Сегодня в лоне глобального сообщества происходит, судя по всему, вызревание вполне определенного мироустройства — наднационального неоэкономического континуума, объединяющего на основе универсального языка прагматики светские и посттрадиционные культуры различных регионов планеты.
Наконец, в-третьих, все более заметны признаки демодернизации отдельных частей человеческого сообщества, пробуждения комплексных процессов социальной и культурной инверсии, ставящих под сомнение сам принцип нового мирового порядка, формируя тем самым своеобразную обратную историческую перспективу постглобализма — подвижный и зыбкий контур новой мировой анархии. Так, мы наблюдаем разнообразные, хотя и не всегда внятные признаки социальной деконструкции и культурной энтропии в рамках мирового Севера. Под внешне цивилизованной оболочкой здесь в ряде случаев утверждаются паразитарные механизмы, противоречащие самому духу эпохи Нового времени, рождая соответствующие масштабные стратегии и технологии, например, — в валютно-финансовой сфере.

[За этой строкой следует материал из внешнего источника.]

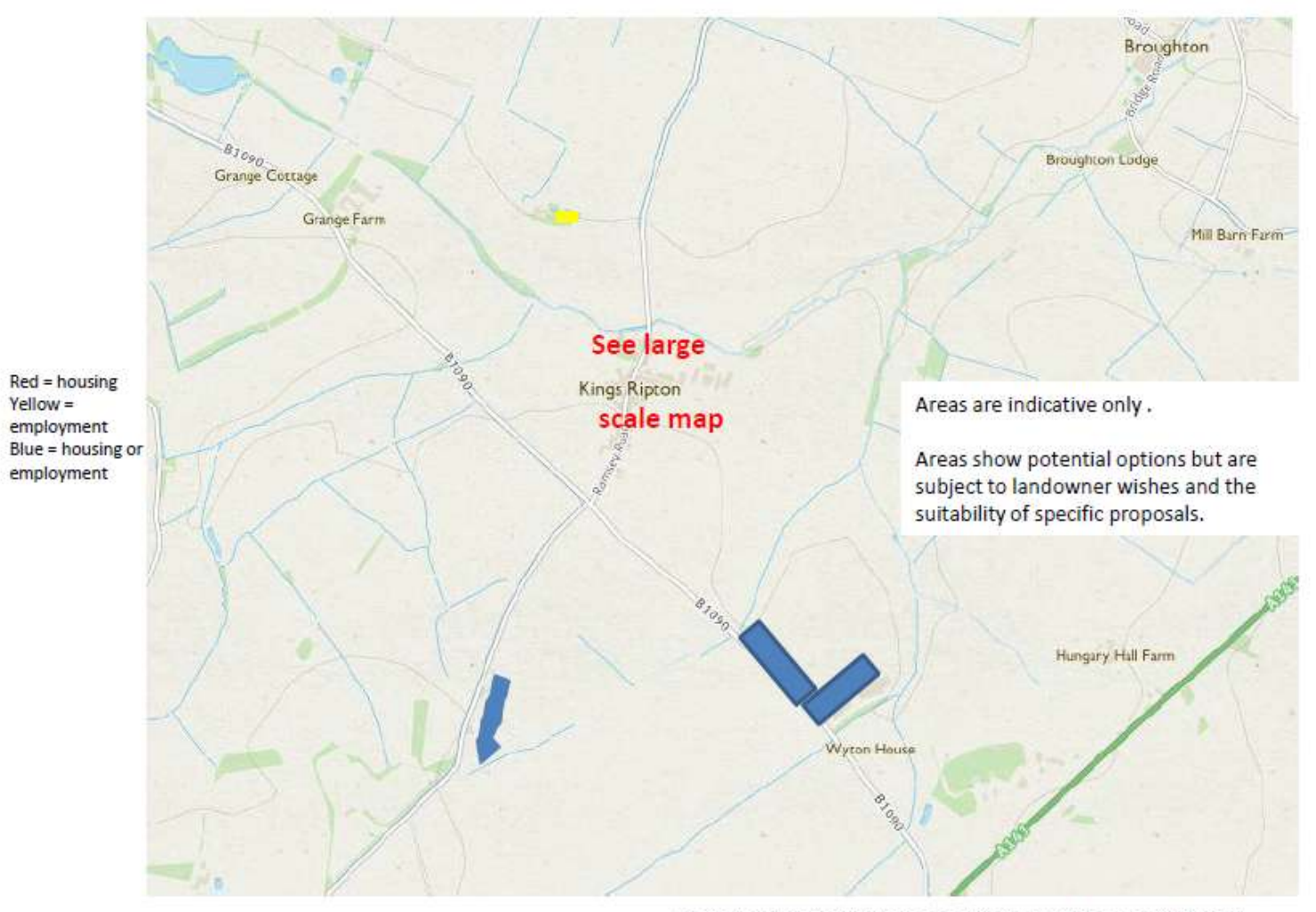
Contains OS data © Crown copyright and database right 2017

Параллельно механизмы цивилизационной коррупции — в сущности, той же природы — шаг за шагом разъедают упорядоченный социальный контекст как в кризисных районах посткоммунистического мира, так и мирового Юга. В результате на планете возникает непростой феномен Глубокого Юга, объединяющий в единое целое и трансрегиональную неокриминальную индустрию, и "трофейную экономику" новых независимых государств, и тревожные признаки прямого очагового распада цивилизации (ярким примером чему могут служить Афганистан, Чечня, Таджикистан, некоторые африканские территории, разнообразные "золотые земли" и т. д.).